Most economists, and policy-makers seem sure that India will become a $30-trillion economy by 2050. Even senior ministers have boasted about it with aplomb and confidence. The whole objective of India@2047 is to reach such an unbelievable GDP target. But the DSP analysis debunks this myth. It states that for India to reach $30 trillion, the GDP will need to grow by nearly nine per cent every year, for the next 25 years. This has never happened in the past. Except for China, and possibly the Asian Tigers for a decade or two, no nation has witnessed such growth for long periods.

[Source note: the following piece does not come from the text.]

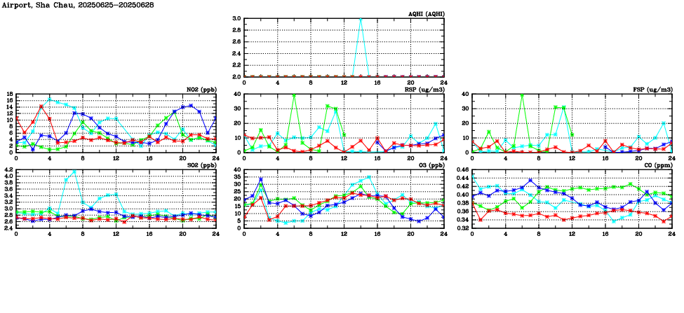 | Air Quality Data Time Series in Airport, Sha Chau (2025/06/28) | ( Line colors: Day -3 Day -2 Day -1 Current day ) | 2D Map Current AQHI |
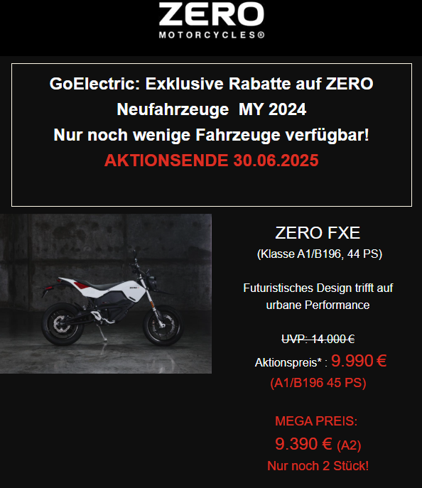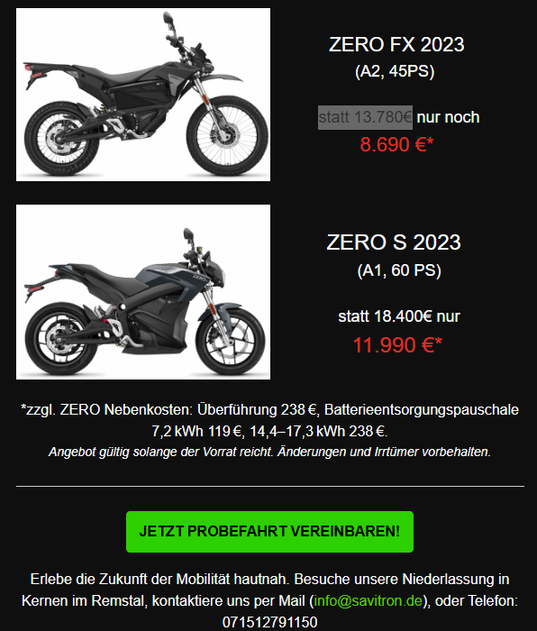 Der neue Zero Händler Savitron in Kernen im Remstal hat heute eine Email geschickt, da er noch eine Menge stark reduzierte Zeros aus 2024 und 2023 feilbietet:

A compounded growth rate of nine per cent is not impossible, but it is tough and unimaginable. “With long-term real growth closer to six per cent, and only one five-year period, ending FY-08, approaching the required trajectory,” according to a media report, “DSP argues that a more plausible outcome is nearer to $20 trillion even under optimistic doubling-every decade assumptions.” Thus, reality is vastly different from beliefs, and expectations. However, the GDP size does not really matter. It is only for a pat on the back that we are the third, or second largest economy. What is crucial is the per capita income, and distribution of wealth to negate inequalities.
In its report that decimates 12 widely-accepted myths about stocks, GDP, and investments, DSP tackles several ones that have gained popularity in the recent past. One of them pertains to the widely-hyped thinking that gold is useless, and offers returns that are puny compared to equities in the long run. Several analyses prove that over 50 or 100 years, gold gives small returns. But, in India, only a quarter of the Nifty 500 stocks have “beaten gold on a market-cap-weighted basis” over the past 25 years. Similarly, to accept that due to gold’s rise in the post-pandemic period, it is the game in town, is a fallacy. For long periods, gold remains unmoved before it takes off.